4. The speech input data from a speaker is analyzed to generate speech feature data, and this speech feature data is compared with standard speech feature data of recognizable words registered in advance to determine word detection data. In the voice recognition dialogue method of outputting, receiving the word detection data, understanding the meaning of the input voice, determining and outputting the corresponding response content, in order to perform voice recognition, the age or gender of the speaker, etc. The main body of the apparatus having storage means for storing data preset corresponding to the above, and data preset corresponding to the age or sex of the speaker in order to output a response to the recognized voice. A plurality of cartridges detachably attachable to the device main body are provided, and at least one selected from the plurality of cartridges is attached to the device main body to install the cartridge on the device main body side. Connected to the voice recognition response processing unit, the storage content stored in the storage means, the standard voice feature data for a recognizable word registered in advance corresponding to the age or gender of the speaker, It is formed of response contents corresponding to recognizable words registered in advance corresponding to the age, sex, etc., and response data instruction contents storing instruction contents for instructing what kind of voice synthesis output is generated. The voice recognition response processing unit includes a state detection unit that detects a state.

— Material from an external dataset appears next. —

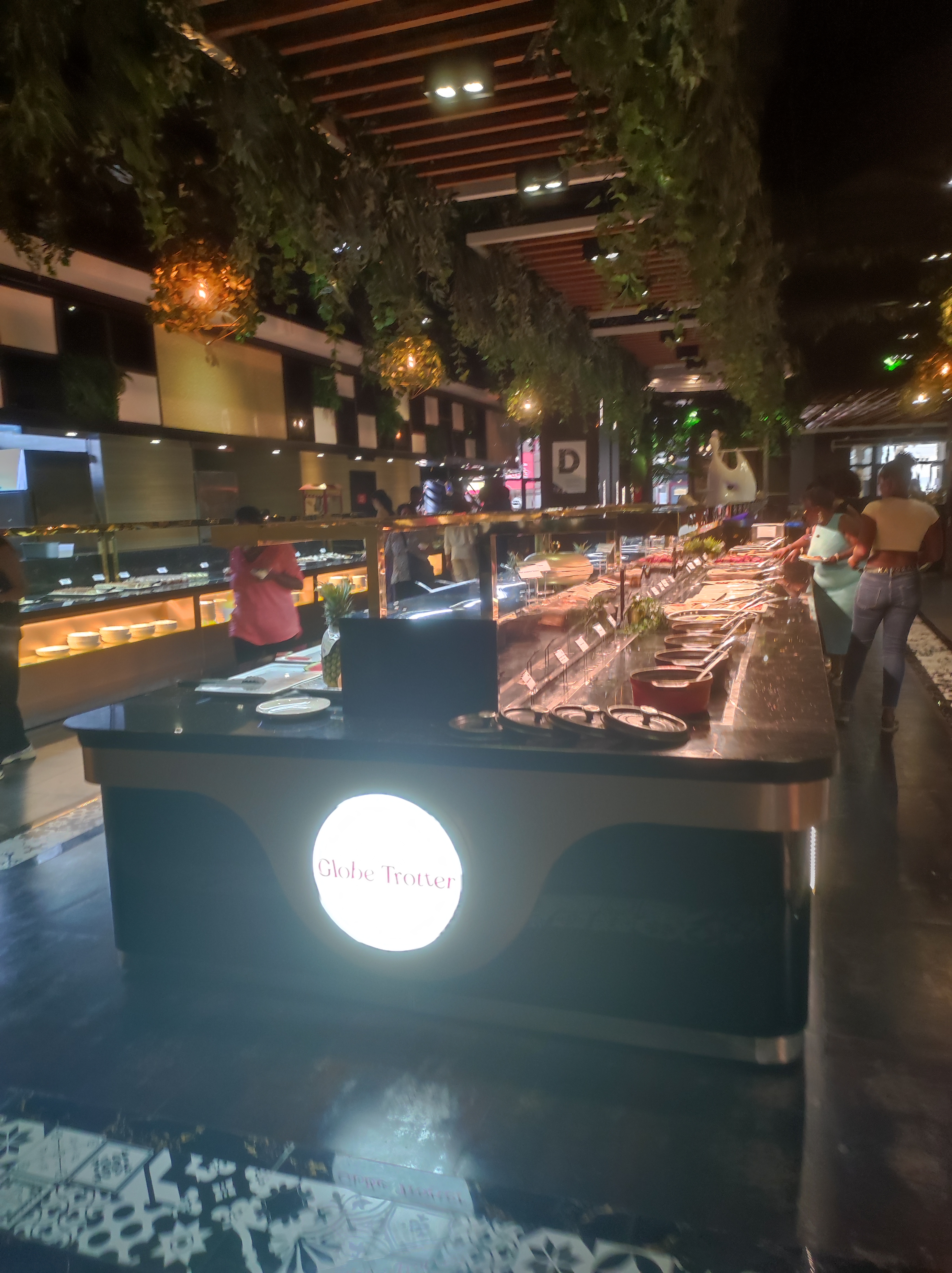 Nous avons récemment dîné au Globe Trotter, et cela a été une expérience culinaire vraiment agréable.Jusqu'à présent, c'était l'une des meilleures expériences que nous ayons eues dans un restaurant à volonté. La première fois que nous y sommes allés, c'était pendant les fêtes de fin d'année, et nous avons été séduits par la variété des plats proposés, disposés sur plusieurs buffets magnifiquement présentés. Nous avons décidé d'y retourner une deuxième fois, craignant qu'il n'y ait moins d'options que lors de notre visite pendant les fêtes. Bien que quelques options aient effectivement manqué, ce n'était rien de bien méchant. Ce qui m'a particulièrement enchanté, c'est la diversité des options offertes. Bien que je ne m'attendais pas à trouver des sushis ou des makis exceptionnels, j'ai été agréablement surpris par la variété de ceux proposés. Le restaurant regorgeait également de choix de poissons et de plats chauds, offrant une sélection véritablement impressionnante Dans l'ensemble, notre expérience au Globe Trotter a été mémorable, et je recommande à quiconque de le visiter au moins une fois pour découvrir cette abondance de choix culinaires par eux-mêmes.

A voice analysis step of analyzing voice input by the voice input means to generate voice feature data, and voice feature data from the voice analysis step, and based on the stored contents stored in the storage means. In the word detection step of outputting the word detection data for the input voice, while understanding the meaning of the input voice by receiving the word detection data from the word detection step , the state detected by the state detection step,
A voice understanding conversation control step of selecting an optimum meaning based on the response content and determining the corresponding response content with reference to the conversation content stored in the storage means, and this voice understanding conversation control step. A voice synthesis step for generating a voice synthesis output based on the response data instruction content stored in the storage means, and a voice output for externally outputting the voice synthesis output from the voice synthesis step in response to the response content determined by And a voice recognition dialogue processing method.